**Exercise objective:** Leaving out every picture, copy the lines of the material below exactly, from the line containing "Смеситель оснащен гибким" through the line containing "社会救助体系建设取得新的进展".

**Given records:**
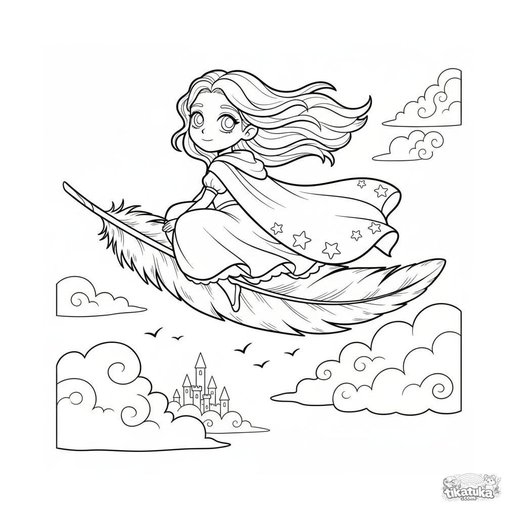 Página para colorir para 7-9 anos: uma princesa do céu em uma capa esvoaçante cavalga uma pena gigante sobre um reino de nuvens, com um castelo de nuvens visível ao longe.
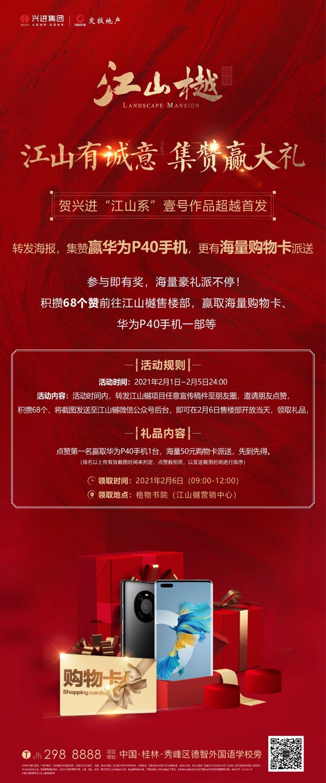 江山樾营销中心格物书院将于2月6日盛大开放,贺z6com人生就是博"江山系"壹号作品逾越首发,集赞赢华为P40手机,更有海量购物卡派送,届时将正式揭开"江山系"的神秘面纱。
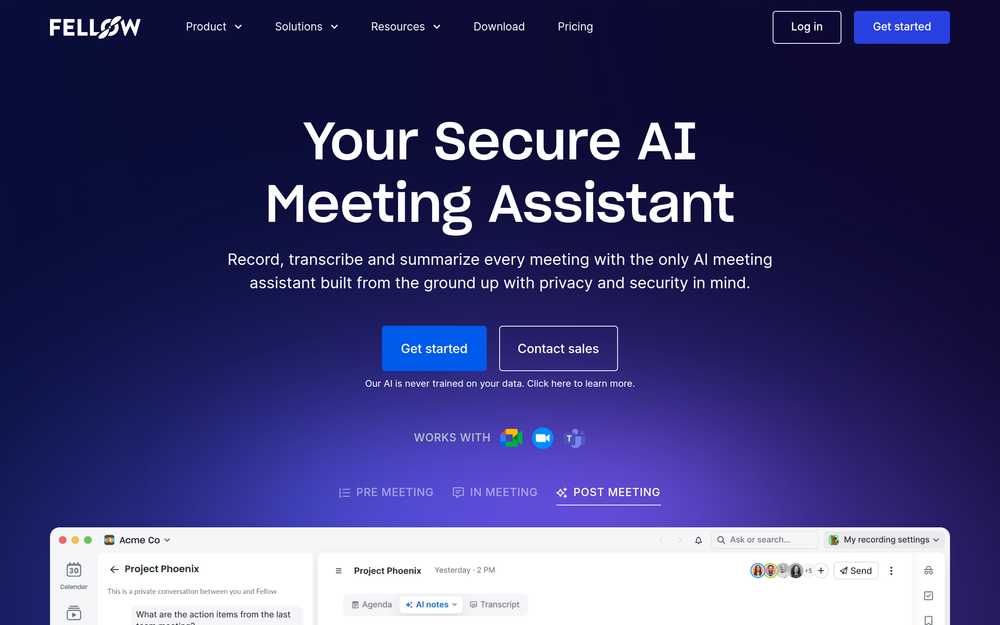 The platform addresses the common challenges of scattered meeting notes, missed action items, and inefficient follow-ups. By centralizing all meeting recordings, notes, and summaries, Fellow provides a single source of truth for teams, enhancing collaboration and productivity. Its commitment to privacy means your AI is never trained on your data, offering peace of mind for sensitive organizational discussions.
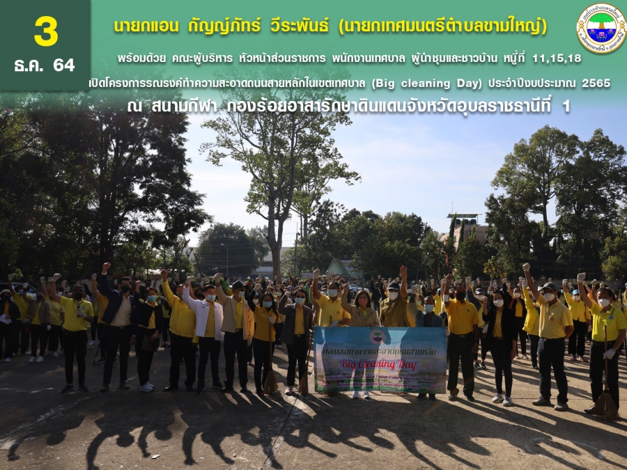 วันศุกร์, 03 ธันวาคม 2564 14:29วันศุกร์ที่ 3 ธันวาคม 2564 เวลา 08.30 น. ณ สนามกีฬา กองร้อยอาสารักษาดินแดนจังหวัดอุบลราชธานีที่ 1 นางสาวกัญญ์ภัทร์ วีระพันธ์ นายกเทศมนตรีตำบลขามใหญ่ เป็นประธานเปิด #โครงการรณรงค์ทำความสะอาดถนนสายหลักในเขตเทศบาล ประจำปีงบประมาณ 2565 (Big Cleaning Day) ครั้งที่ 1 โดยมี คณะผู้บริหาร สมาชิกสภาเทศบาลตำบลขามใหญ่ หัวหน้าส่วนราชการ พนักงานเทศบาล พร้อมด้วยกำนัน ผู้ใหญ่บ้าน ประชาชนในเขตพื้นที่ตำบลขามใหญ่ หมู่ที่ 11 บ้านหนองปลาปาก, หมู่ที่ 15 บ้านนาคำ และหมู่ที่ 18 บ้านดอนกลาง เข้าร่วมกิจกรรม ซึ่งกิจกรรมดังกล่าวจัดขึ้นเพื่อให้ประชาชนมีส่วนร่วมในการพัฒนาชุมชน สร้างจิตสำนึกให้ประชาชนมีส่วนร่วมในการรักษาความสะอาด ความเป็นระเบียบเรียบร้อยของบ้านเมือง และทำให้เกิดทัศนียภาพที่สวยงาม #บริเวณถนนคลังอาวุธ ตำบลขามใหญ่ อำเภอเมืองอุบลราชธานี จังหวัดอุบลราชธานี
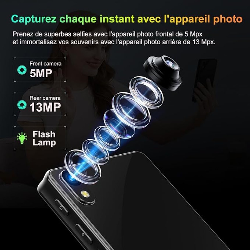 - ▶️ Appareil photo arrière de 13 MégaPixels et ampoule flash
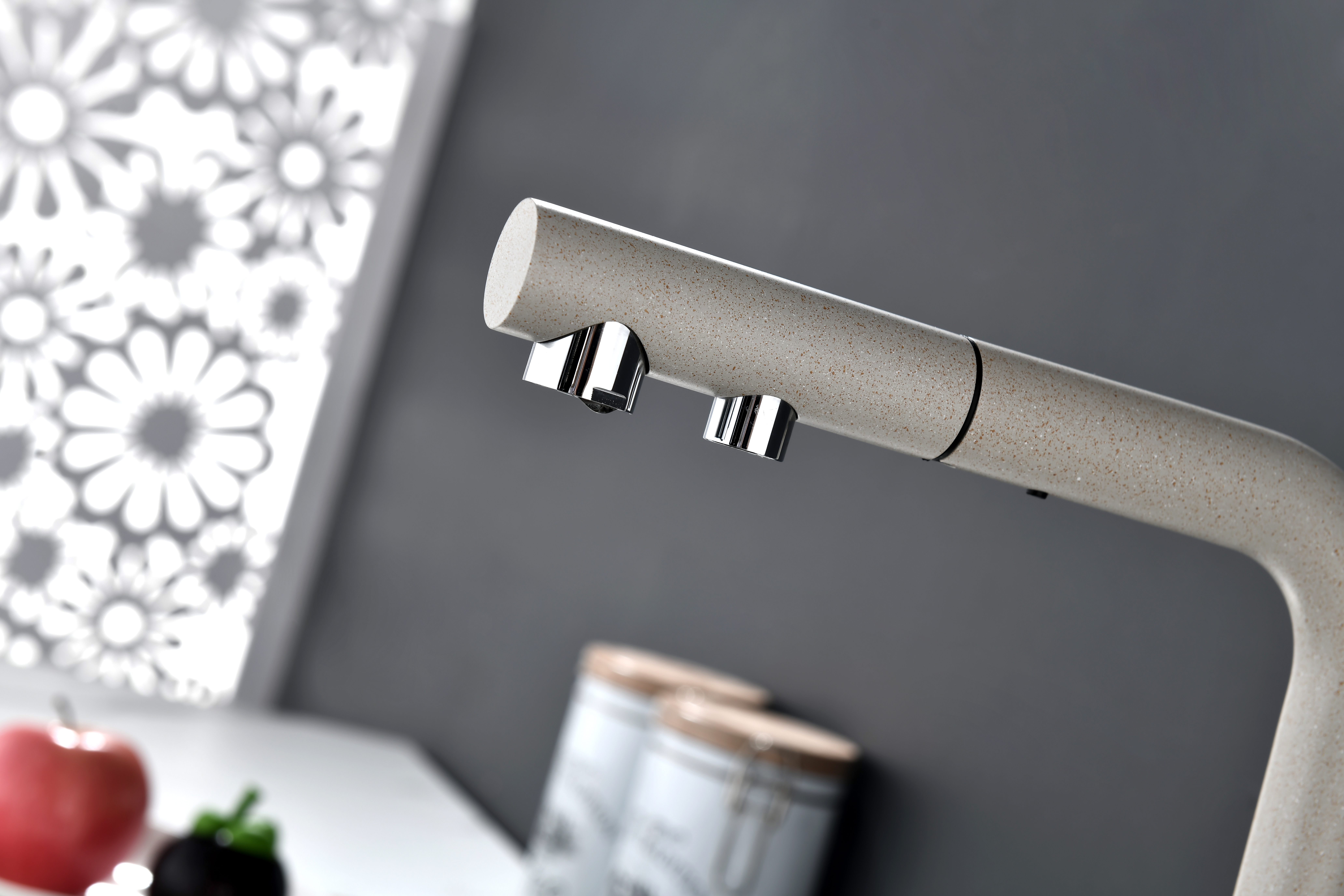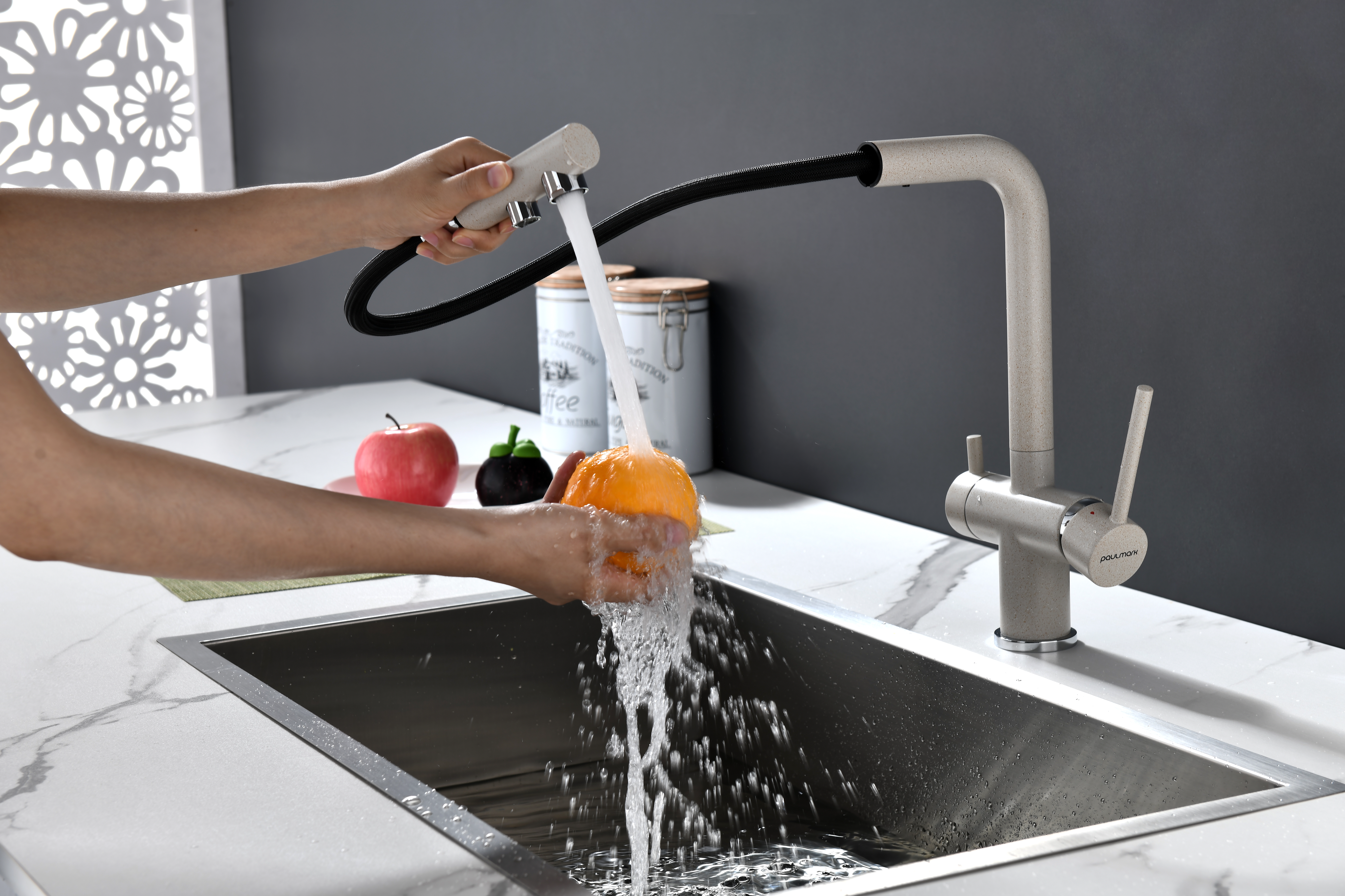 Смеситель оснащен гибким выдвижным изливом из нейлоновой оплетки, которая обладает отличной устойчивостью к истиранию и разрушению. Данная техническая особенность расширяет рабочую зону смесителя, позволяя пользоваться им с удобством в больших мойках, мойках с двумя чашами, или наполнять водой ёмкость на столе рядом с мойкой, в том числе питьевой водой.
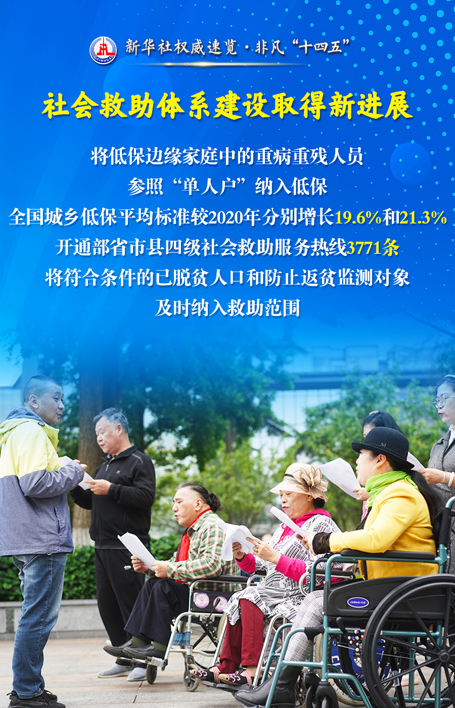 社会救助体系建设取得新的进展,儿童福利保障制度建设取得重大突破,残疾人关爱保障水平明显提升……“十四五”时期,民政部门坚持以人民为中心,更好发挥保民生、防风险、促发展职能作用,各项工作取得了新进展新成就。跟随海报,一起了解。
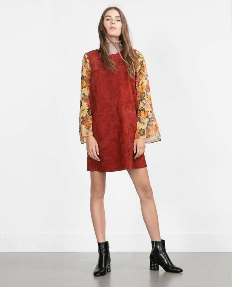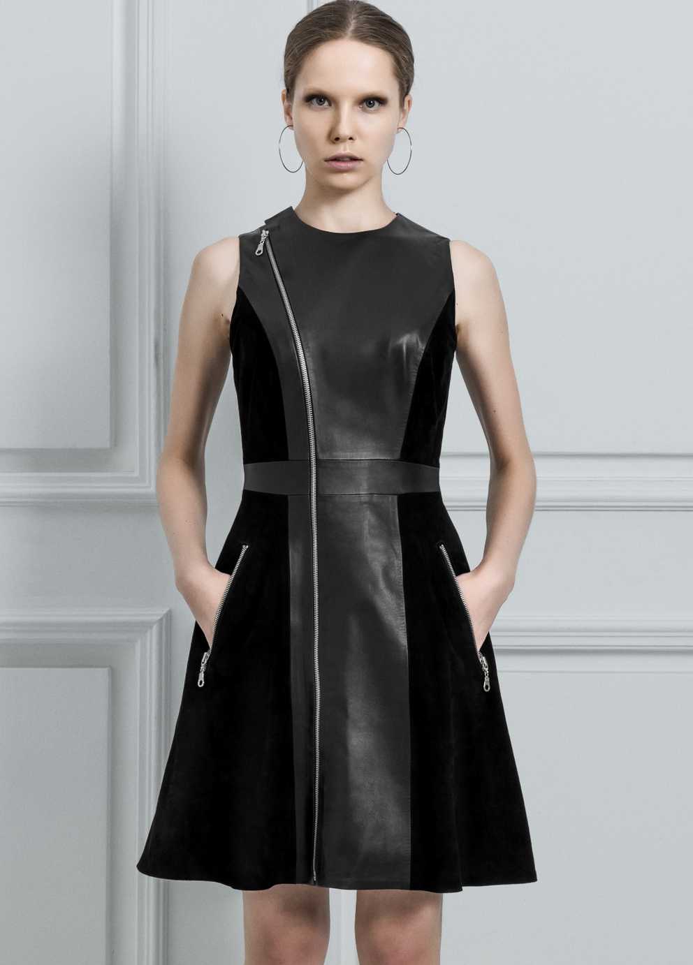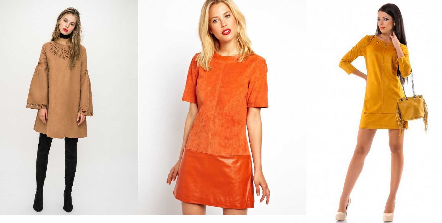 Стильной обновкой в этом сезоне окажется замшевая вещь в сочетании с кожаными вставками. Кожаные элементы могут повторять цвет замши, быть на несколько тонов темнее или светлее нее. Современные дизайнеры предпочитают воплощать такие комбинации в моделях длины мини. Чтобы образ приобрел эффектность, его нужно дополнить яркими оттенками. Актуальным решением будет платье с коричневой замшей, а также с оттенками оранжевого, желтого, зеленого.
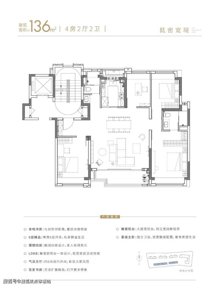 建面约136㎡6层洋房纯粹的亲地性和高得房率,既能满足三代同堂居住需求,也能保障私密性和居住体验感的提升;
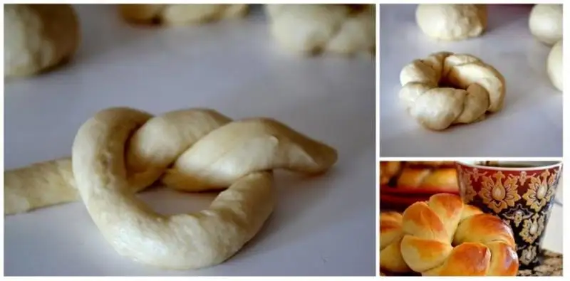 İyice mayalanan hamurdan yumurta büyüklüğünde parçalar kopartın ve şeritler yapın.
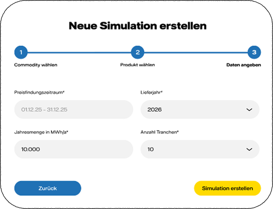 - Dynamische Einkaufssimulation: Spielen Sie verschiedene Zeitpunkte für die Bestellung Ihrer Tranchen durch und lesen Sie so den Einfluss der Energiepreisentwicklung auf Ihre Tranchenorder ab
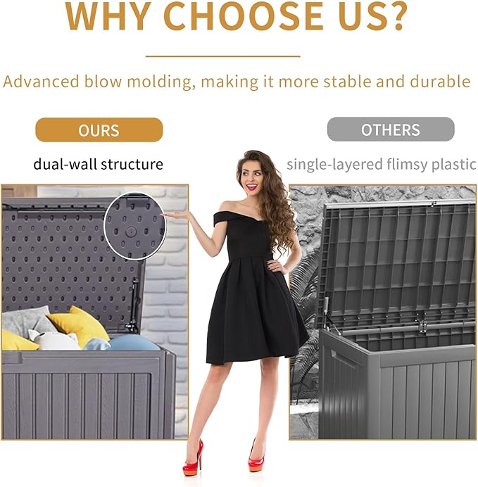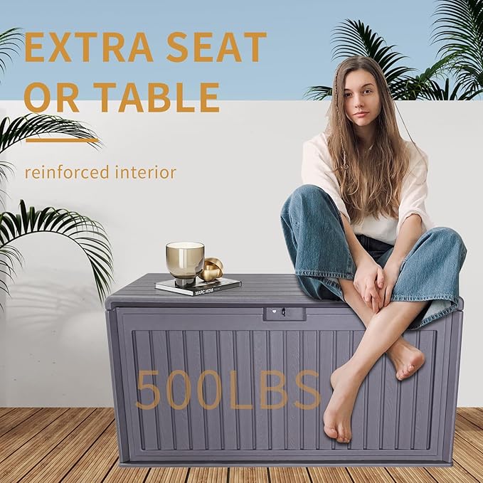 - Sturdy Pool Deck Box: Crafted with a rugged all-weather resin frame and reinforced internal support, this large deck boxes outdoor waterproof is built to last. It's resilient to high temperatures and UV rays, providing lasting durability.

**Task output:**
 Смеситель оснащен гибким выдвижным изливом из нейлоновой оплетки, которая обладает отличной устойчивостью к истиранию и разрушению. Данная техническая особенность расширяет рабочую зону смесителя, позволяя пользоваться им с удобством в больших мойках, мойках с двумя чашами, или наполнять водой ёмкость на столе рядом с мойкой, в том числе питьевой водой.
 社会救助体系建设取得新的进展,儿童福利保障制度建设取得重大突破,残疾人关爱保障水平明显提升……“十四五”时期,民政部门坚持以人民为中心,更好发挥保民生、防风险、促发展职能作用,各项工作取得了新进展新成就。跟随海报,一起了解。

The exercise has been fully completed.